--- INPUT DATA ---
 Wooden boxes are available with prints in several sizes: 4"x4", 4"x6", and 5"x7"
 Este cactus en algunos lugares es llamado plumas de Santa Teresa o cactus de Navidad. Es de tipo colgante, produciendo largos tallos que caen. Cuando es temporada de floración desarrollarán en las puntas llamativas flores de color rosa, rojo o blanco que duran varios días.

...

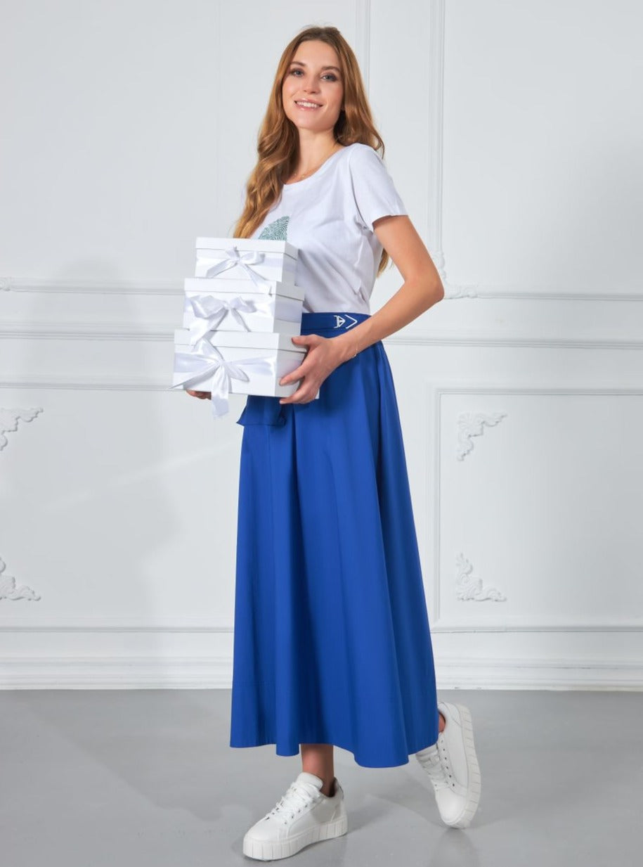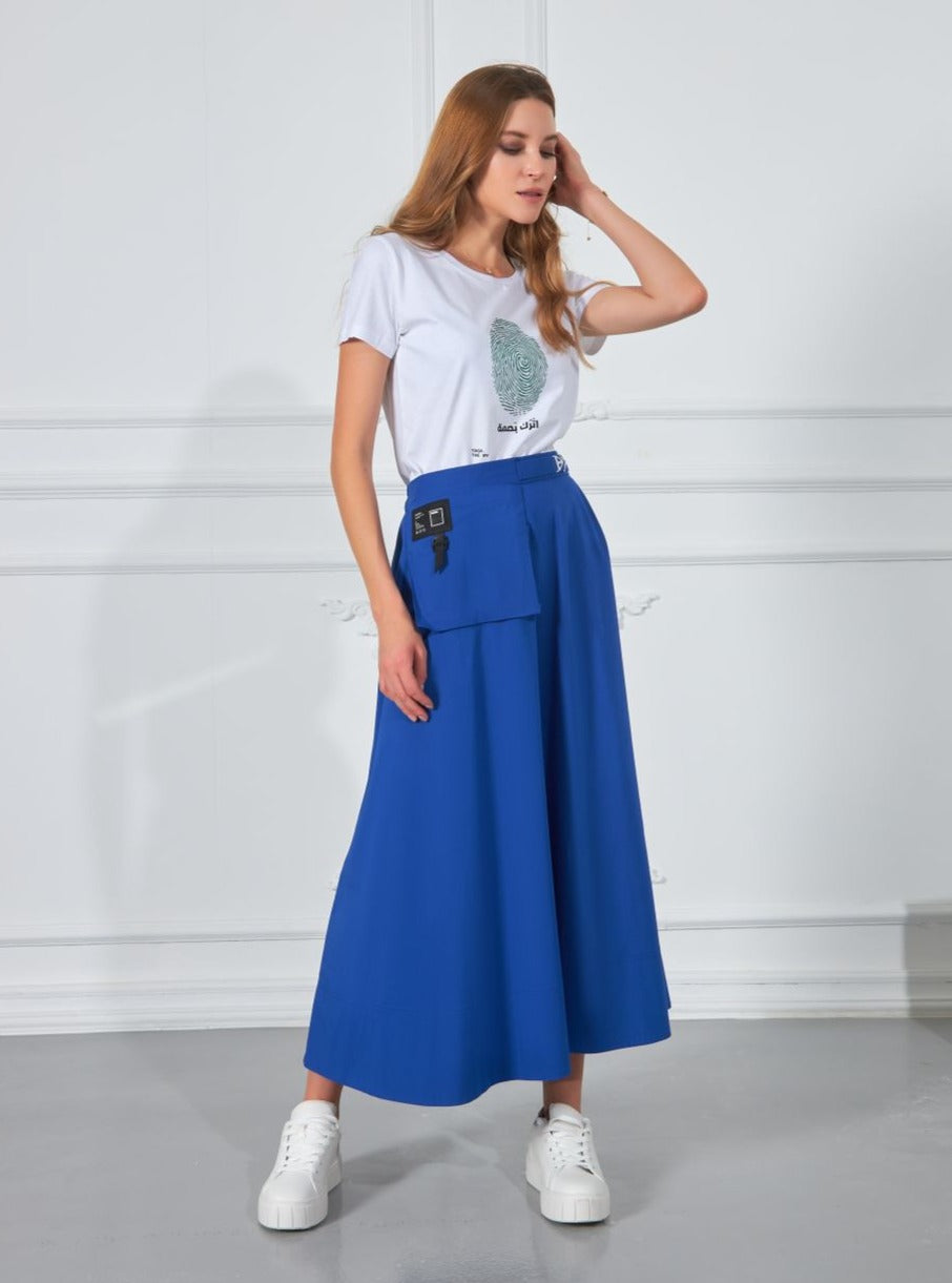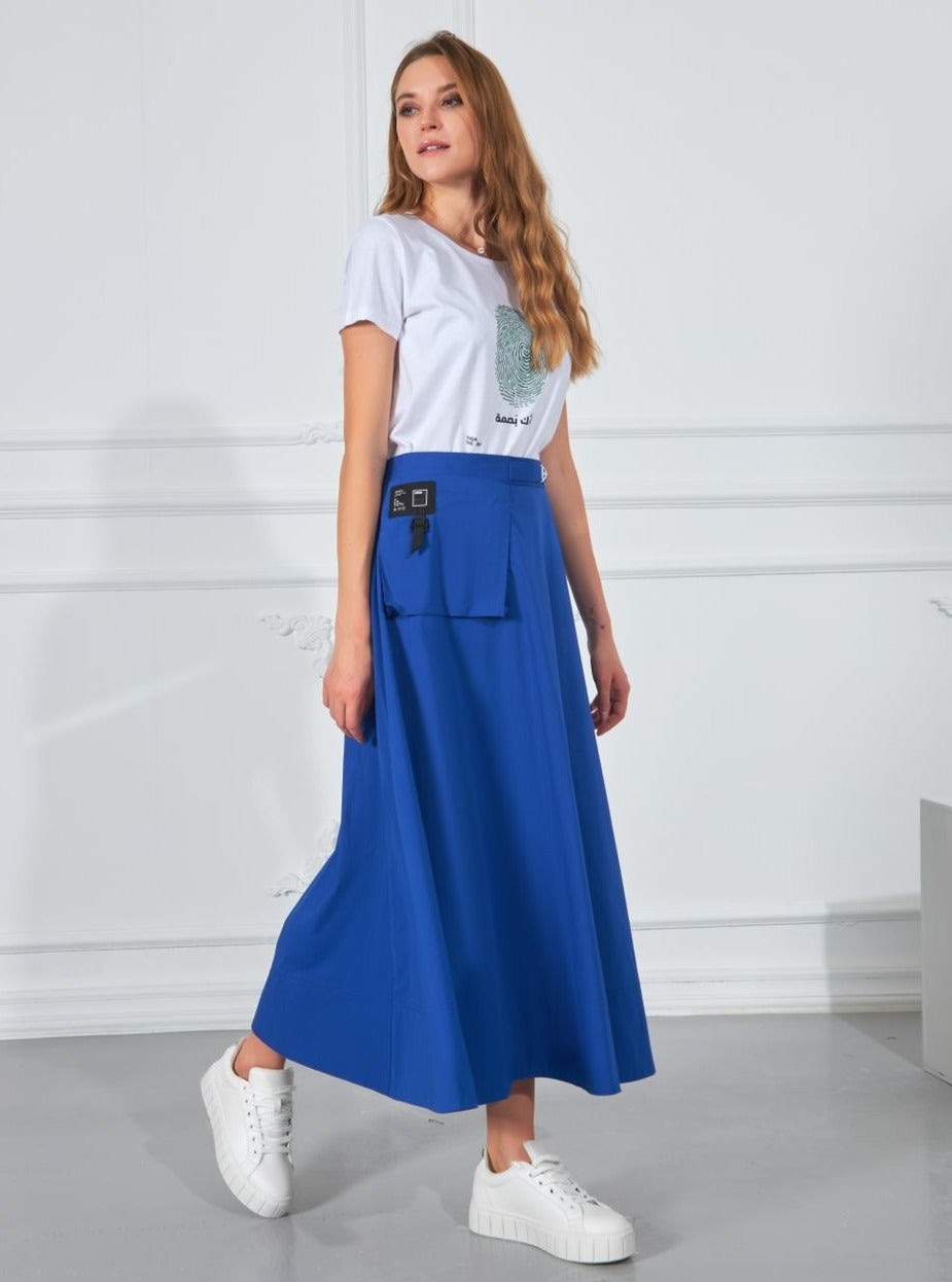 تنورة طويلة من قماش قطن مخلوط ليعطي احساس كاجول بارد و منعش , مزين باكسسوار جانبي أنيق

--

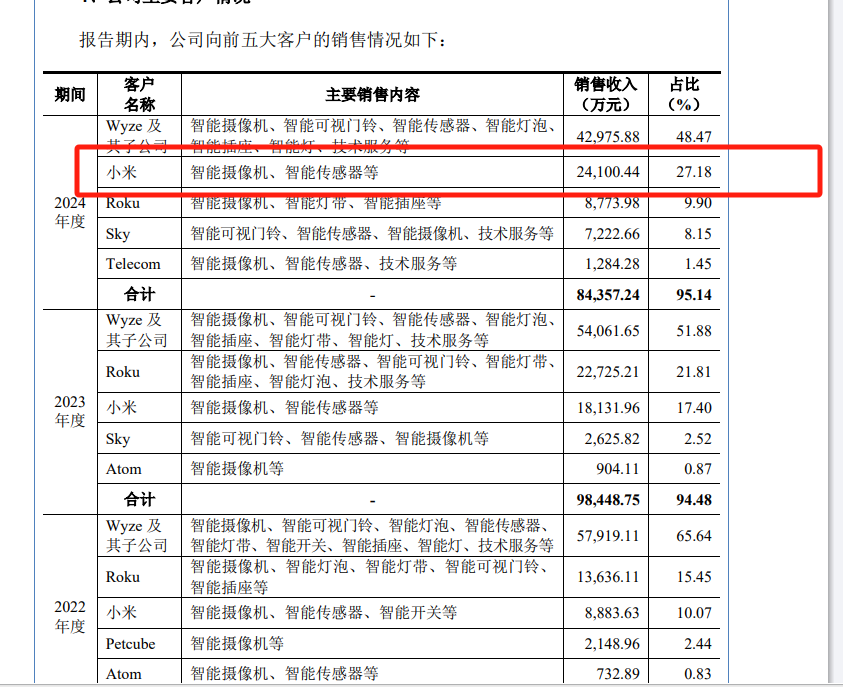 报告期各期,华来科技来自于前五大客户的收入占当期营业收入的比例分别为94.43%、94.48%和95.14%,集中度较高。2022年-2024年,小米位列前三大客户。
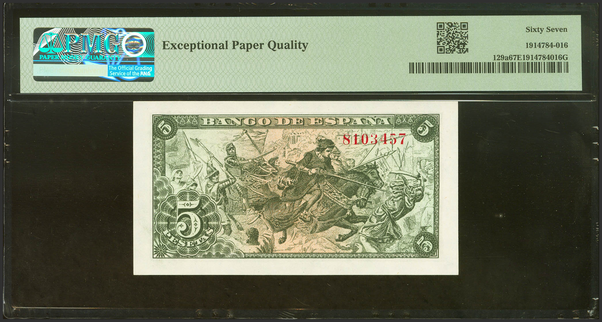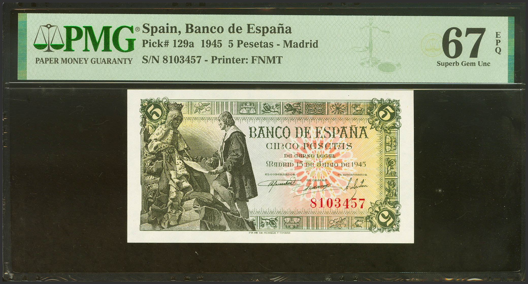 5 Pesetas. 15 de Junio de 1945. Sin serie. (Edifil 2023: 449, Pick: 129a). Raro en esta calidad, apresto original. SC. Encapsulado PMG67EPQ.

--- WORK TO COMPLETE ---
What you give back must be the stretch above, starting at the line with "Wooden boxes are" and ending at the line with "Este cactus en", copied exactly.

--- RESPONSE ---
 Wooden boxes are available with prints in several sizes: 4"x4", 4"x6", and 5"x7"
 Este cactus en algunos lugares es llamado plumas de Santa Teresa o cactus de Navidad. Es de tipo colgante, produciendo largos tallos que caen. Cuando es temporada de floración desarrollarán en las puntas llamativas flores de color rosa, rojo o blanco que duran varios días.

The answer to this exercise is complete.